Patient Safety in Anatomic Pathology
Moderator: Peter Furness
Section 3 -
Addressing National Patient Safety Goals in Surgical Pathology
Richard J. Zarbo
Henry Ford Hospital
Department of Pathology
Detroit, MI USA
- Identify the top 3 national ( US ) patient safety goals to be implemented in surgical pathology in 2006.
- Appreciate the magnitude and
importance of preanalytic patient identification errors.

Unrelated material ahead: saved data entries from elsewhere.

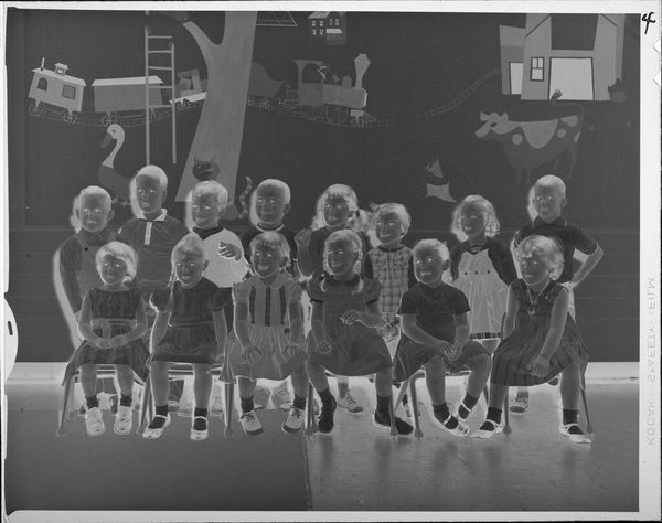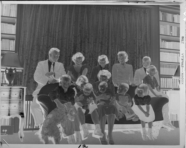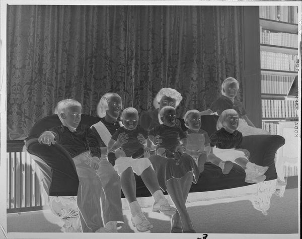 Editor: This photograph, "Untitled (woman with several children on couch)" by Lucian and Mary Brown, captures a fascinating family portrait, yet the inverted tones lend it a rather unsettling mood. What strikes you about it? Curator: It's definitely eerie, isn't it? But it's also strangely intimate. The negative space almost pushes us into the scene, like a forgotten memory surfacing. The woman seems weary, but there's a fierce protectiveness in her stance. It’s as if the artists caught a glimpse of the silent dramas playing out behind closed doors. Editor: That's a beautiful way to put it. I hadn't considered the idea of protectiveness. Curator: Exactly! Makes you wonder about the untold stories within this family, doesn't it?
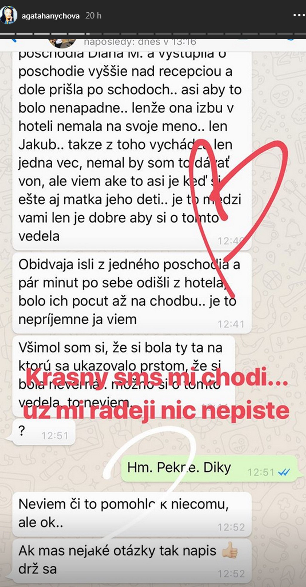 Herečka dostala zopár nemilých správ, v ktorých jej zamestnanec istého hotela opisuje, ako jej manžel mal stráviť noc so známou slovenskou herečkou. Jakub a Diana Mórová mali ráno vyjsť z jednej hotelovej izby a snažili sa to spraviť tak, aby si ich nikto nevšimol.
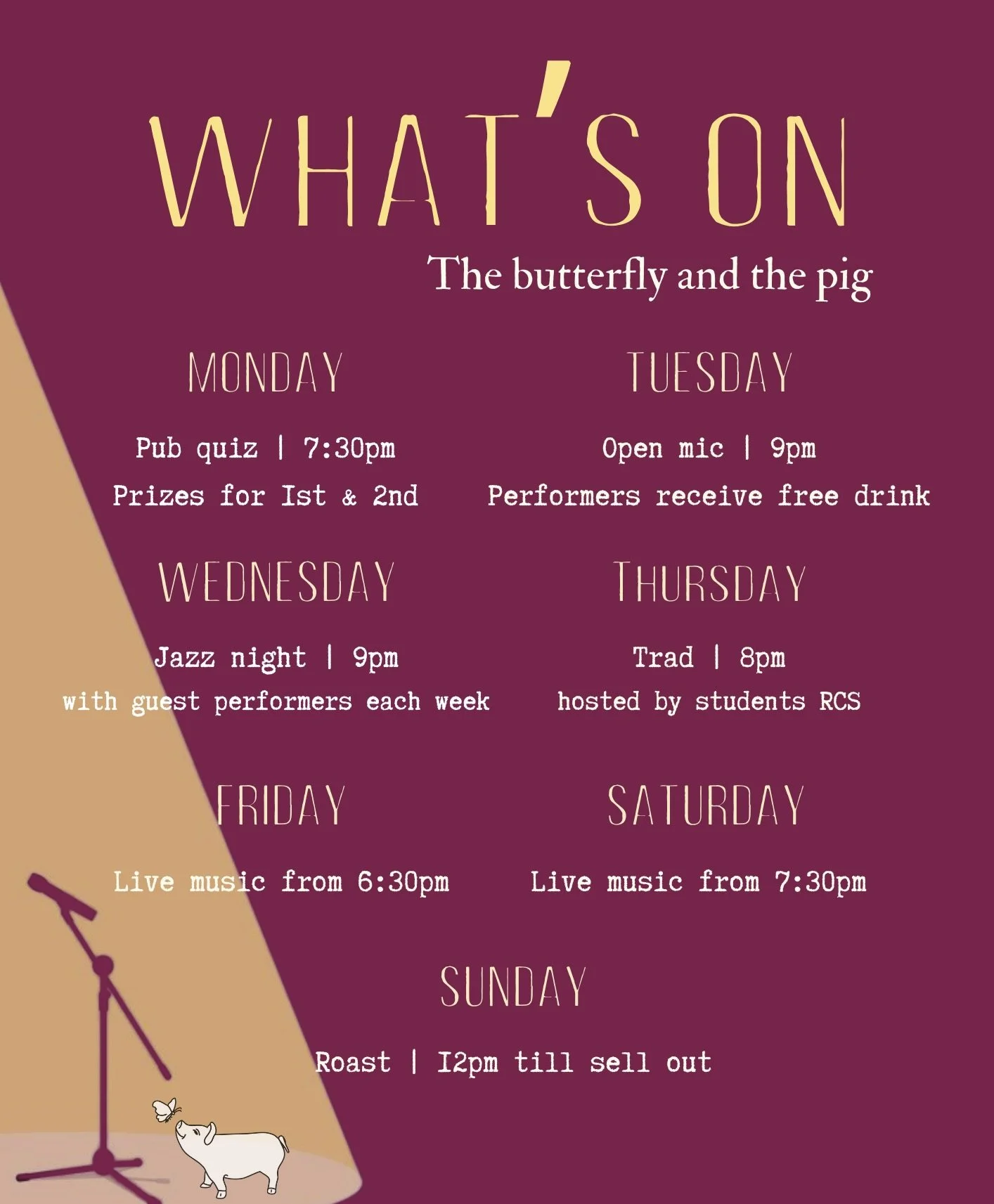 Enjoy entertainment 6 nights a week from quiz nights, open mics, DJs and live music.
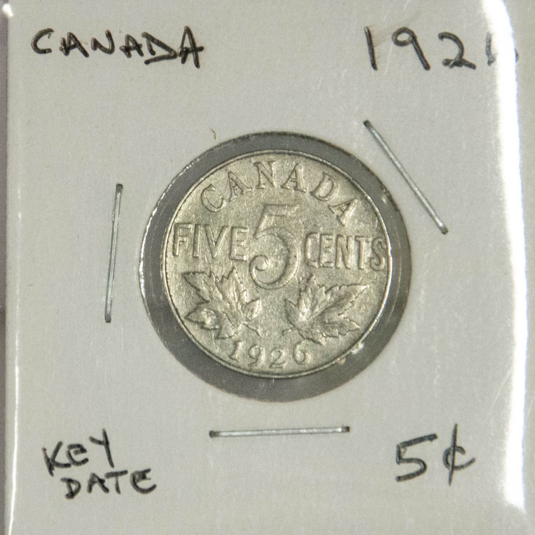 1926 CANADIAN FIVE CENT NICKEL COIN - KEY DATE

- Understand a framework for
producing standardized, documented and issued amended reports
- Identify mechanisms for timely
communication and documentation of significant or unexpected surgical pathology diagnoses.
The topic of patient safety became an important subject in medicine with the publication in 1999 of
the United States Institute of Medicine's report on medical error and its subsequent report on the
general state of quality of health care in 2001. This focus on error reduction also extends to the
laboratory where patient's safety can be summarized as 'doing the right thing, at the right time, for the
right patient.' The patient safety movement builds on, and is an evolution of previous quality
movements, such as quality control, quality assurance and quality improvement, but necessarily focuses on
that portion of the Hippocratic oath calling us "above all, to do no unnecessary harm." Unfortunately,
humans err often and therefore, error is a common fact of life. Approaches to patient safety take this
fact to heart, focusing not on the human, but instead on the redesign of systems to minimize the
consequences of inevitable human error. The most common causes of error from root cause analyses are
those of mis-communication, poorly defined connections between individuals, inappropriate pathways of
action, low cultural expectations, and poor teamwork. Clearly, the quest for improved quality and
patient safety is never ending, given the current design of systems and human nature.
The College of American Pathologists elaborated on its laboratory patient safety goals in late 2005.
Those four goals which each laboratory must document that it has addressed by evaluation and monitoring
of the processes involved include the following:
- Patient and sample identification at specimen collection, analysis
- Timely identification, communication and correction of errors.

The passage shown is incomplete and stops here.